- [Task objective] For every entry that follows, return the words exactly and omit any picture.

Records from a collection
________________________

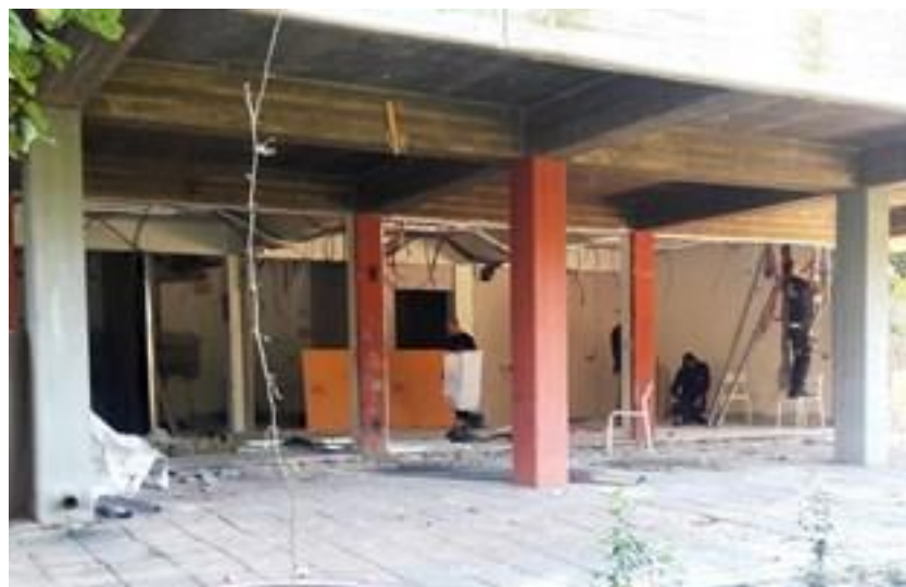
(המשך בעמ' 4)

הקמת מתחם החינוך הבלתי פורמאלי מתקדמת יפה ועל פי התכנון ואנחנו מקווים מאד שגם הפעילות של הילדים במקום תחל על פי המתוכנן ותשדרג את החינוך הבלתי פורמאלי בקיבוץ.
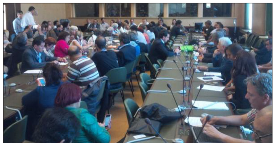
Reunión de delegados de la CSA en la OIT reclamando trabajo decente y protestando contra empleadores por negar huelga.
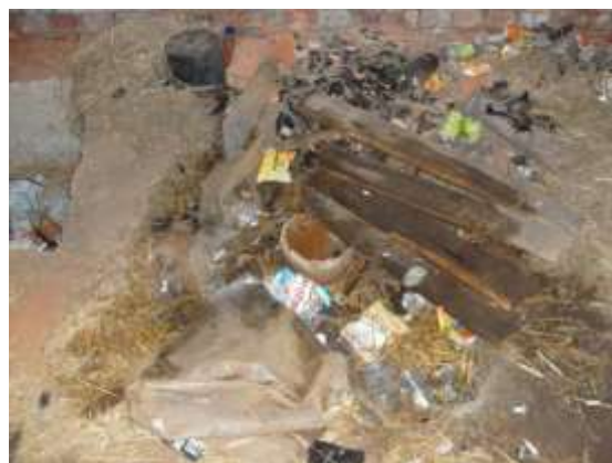
Фото 13.1-2. Открытое устье бесхозной скважины № 1941 с. Ильинское 1

Качество воды в большинстве скважин неизвестно. В отдельных скважинах отмечается повышенная интенсивность запаха, что может быть вызвано как загрязнением подземных вод,
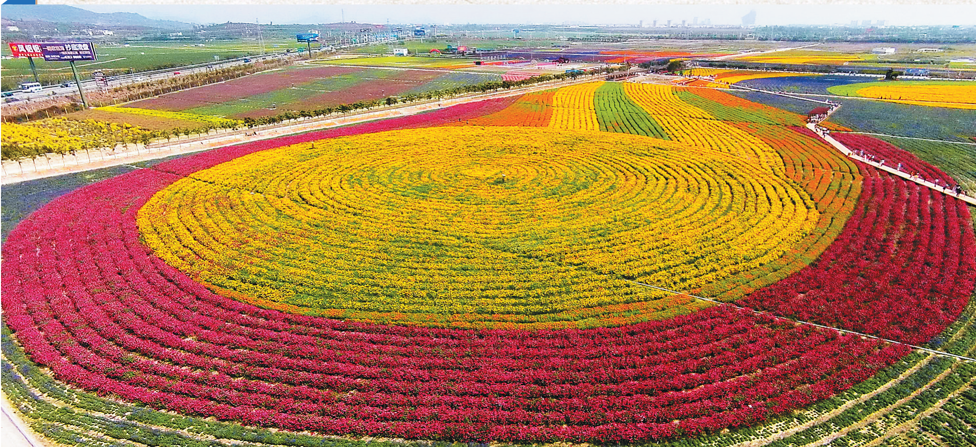
三亚凤凰花海丰富了游客的度假体验。
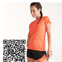
IMOLA WOMAN CA0428
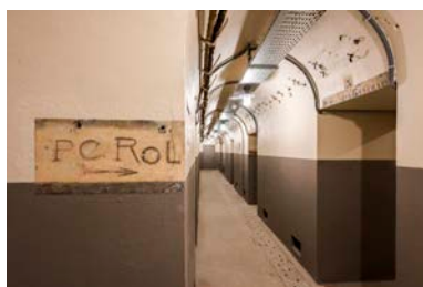
Le poste de commandement souterrain du Colonel Rol-Tanguy
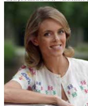
« Les Carnets de Julie » - Julie Andrieu (France 3)
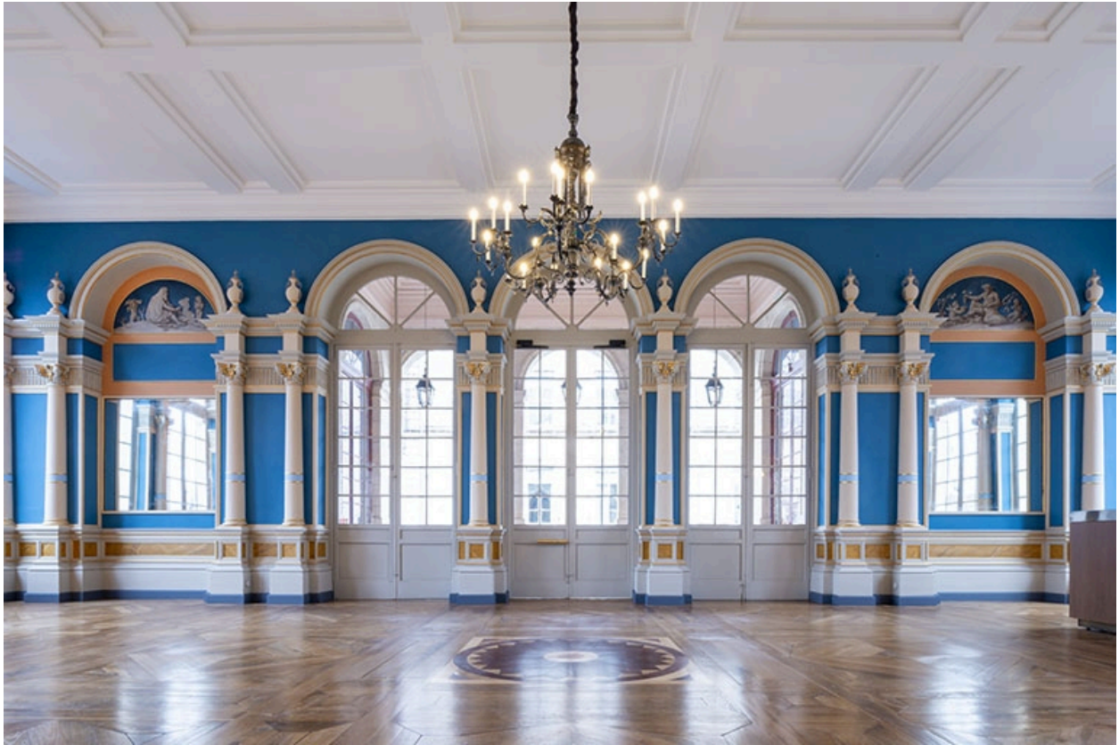
Vue d'ensemble du foyer, en direction de la loggia, montrant l'Automne à droite et l'Hiver à gauche.
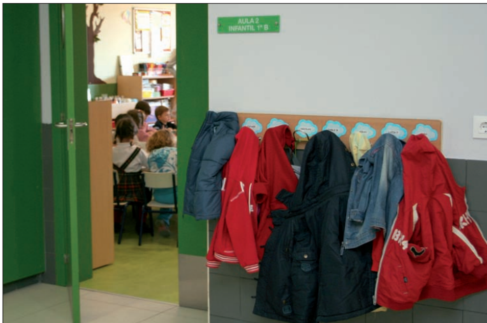
La escolarización en centros públicos ha aumentado un 6% respecto al pasado curso.

Por otra parte, las escuelas infantiles públicas –dos de la Comunidad y dos municipales– abrieron sus puertas el pasado 3 de septiembre para acoger a los casi 540 alumnos matriculados, un 15% más que el curso pasado. A ellas se sumaron los 22 centros privados del municipio que ofrecen educación a casi 1.500 pequeños de 0 a 3 años, un 55% más que el curso pasado. Este incremento refleja el crecimiento de la población infantil y el esfuerzo de los centros privados por ajustar sus precios.

________________________

- [Response box]
(המשך בעמ' 4)

הקמת מתחם החינוך הבלתי פורמאלי מתקדמת יפה ועל פי התכנון ואנחנו מקווים מאד שגם הפעילות של הילדים במקום תחל על פי המתוכנן ותשדרג את החינוך הבלתי פורמאלי בקיבוץ.
Reunión de delegados de la CSA en la OIT reclamando trabajo decente y protestando contra empleadores por negar huelga.
Фото 13.1-2. Открытое устье бесхозной скважины № 1941 с. Ильинское 1

Качество воды в большинстве скважин неизвестно. В отдельных скважинах отмечается повышенная интенсивность запаха, что может быть вызвано как загрязнением подземных вод,
三亚凤凰花海丰富了游客的度假体验。
IMOLA WOMAN CA0428
Le poste de commandement souterrain du Colonel Rol-Tanguy
« Les Carnets de Julie » - Julie Andrieu (France 3)
Vue d'ensemble du foyer, en direction de la loggia, montrant l'Automne à droite et l'Hiver à gauche.
La escolarización en centros públicos ha aumentado un 6% respecto al pasado curso.

Por otra parte, las escuelas infantiles públicas –dos de la Comunidad y dos municipales– abrieron sus puertas el pasado 3 de septiembre para acoger a los casi 540 alumnos matriculados, un 15% más que el curso pasado. A ellas se sumaron los 22 centros privados del municipio que ofrecen educación a casi 1.500 pequeños de 0 a 3 años, un 55% más que el curso pasado. Este incremento refleja el crecimiento de la población infantil y el esfuerzo de los centros privados por ajustar sus precios.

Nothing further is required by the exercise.